Book description
Elegant, provocative and hugely entertaining, Kingsley Amis's memoirs
are filled with anecdotes, experiences and portraits of famous friends,
family, acquaintances (and a few eminent foes). From his childhood days
to Oxford and army life, his travels abroad and his years as a
successful novelist, Memoirs offers extraordinary insights into a unique
literary life. Kingsley Amis was born in south London in 1922 and was
educated at the City of London School and St John's College, Oxford. At
one time he was a university lecturer, a keen reader of science fiction
and a jazz enthusiast. After the publication of Lucky Jim in 1954, which
has become a modern classic, Kingsley Amis wrote over twenty novels,
including The Alteration (1976), winner of the John W. Campbell Memorial
Award, The Old Devils (1986), winner of the Booker Prize, and The
Biographer's Moustache (1995), which was to be his last book.

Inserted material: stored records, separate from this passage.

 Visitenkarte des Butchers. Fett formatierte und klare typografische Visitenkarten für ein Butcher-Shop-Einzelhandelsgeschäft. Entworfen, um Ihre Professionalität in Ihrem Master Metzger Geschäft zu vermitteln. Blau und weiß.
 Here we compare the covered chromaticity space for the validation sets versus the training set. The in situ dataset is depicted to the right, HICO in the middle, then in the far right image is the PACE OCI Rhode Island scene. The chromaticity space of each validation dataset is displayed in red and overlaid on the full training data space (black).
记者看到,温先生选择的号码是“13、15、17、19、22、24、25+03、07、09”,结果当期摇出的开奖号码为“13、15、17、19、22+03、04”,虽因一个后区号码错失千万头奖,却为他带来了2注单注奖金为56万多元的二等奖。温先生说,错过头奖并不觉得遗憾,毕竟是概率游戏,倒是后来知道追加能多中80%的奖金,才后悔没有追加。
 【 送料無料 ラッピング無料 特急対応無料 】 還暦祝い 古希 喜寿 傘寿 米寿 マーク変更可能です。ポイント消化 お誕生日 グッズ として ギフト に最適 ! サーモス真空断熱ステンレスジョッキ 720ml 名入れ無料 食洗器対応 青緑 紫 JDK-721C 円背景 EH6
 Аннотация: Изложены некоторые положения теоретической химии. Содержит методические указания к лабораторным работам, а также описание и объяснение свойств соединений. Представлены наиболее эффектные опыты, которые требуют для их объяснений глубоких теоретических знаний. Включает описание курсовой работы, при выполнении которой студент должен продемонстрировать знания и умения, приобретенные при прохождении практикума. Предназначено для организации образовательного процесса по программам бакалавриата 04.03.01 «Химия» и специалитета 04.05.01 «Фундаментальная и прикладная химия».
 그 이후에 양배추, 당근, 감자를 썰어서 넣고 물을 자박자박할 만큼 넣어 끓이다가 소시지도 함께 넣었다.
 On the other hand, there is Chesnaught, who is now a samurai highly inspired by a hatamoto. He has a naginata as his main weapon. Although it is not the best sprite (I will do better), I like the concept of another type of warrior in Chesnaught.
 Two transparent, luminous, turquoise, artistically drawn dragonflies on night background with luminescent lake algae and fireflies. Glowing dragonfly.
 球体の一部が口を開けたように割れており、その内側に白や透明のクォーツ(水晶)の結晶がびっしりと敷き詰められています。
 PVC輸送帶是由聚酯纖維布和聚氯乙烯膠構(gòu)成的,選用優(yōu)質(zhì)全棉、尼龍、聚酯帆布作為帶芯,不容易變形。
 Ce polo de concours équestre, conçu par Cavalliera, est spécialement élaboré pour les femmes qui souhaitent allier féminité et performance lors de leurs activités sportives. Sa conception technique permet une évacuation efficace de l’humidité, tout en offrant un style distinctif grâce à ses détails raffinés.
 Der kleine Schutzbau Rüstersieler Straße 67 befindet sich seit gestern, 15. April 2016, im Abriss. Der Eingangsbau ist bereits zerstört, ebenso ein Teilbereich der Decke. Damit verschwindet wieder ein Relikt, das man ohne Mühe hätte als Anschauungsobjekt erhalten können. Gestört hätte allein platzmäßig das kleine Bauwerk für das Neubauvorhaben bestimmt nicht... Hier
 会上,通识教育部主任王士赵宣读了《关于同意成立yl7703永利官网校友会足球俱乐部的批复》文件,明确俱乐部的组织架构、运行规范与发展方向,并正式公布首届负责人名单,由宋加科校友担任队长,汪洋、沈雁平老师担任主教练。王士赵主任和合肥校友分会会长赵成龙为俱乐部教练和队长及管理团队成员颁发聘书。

He
published a variety of other work, including a survey of science fiction
entitled New Maps of Hell (1960); Rudyard Kipling and His World (1975);
The Golden Age of Science Fiction (1981); Collected Poems (1979); and
his Memoirs (1991). He wrote ephemerally on politics, education,
language, films, television, restaurants and drink. Kingsley Amis was
awarded the CBE in 1981 and received a knighthood in 1990. He died in
1995.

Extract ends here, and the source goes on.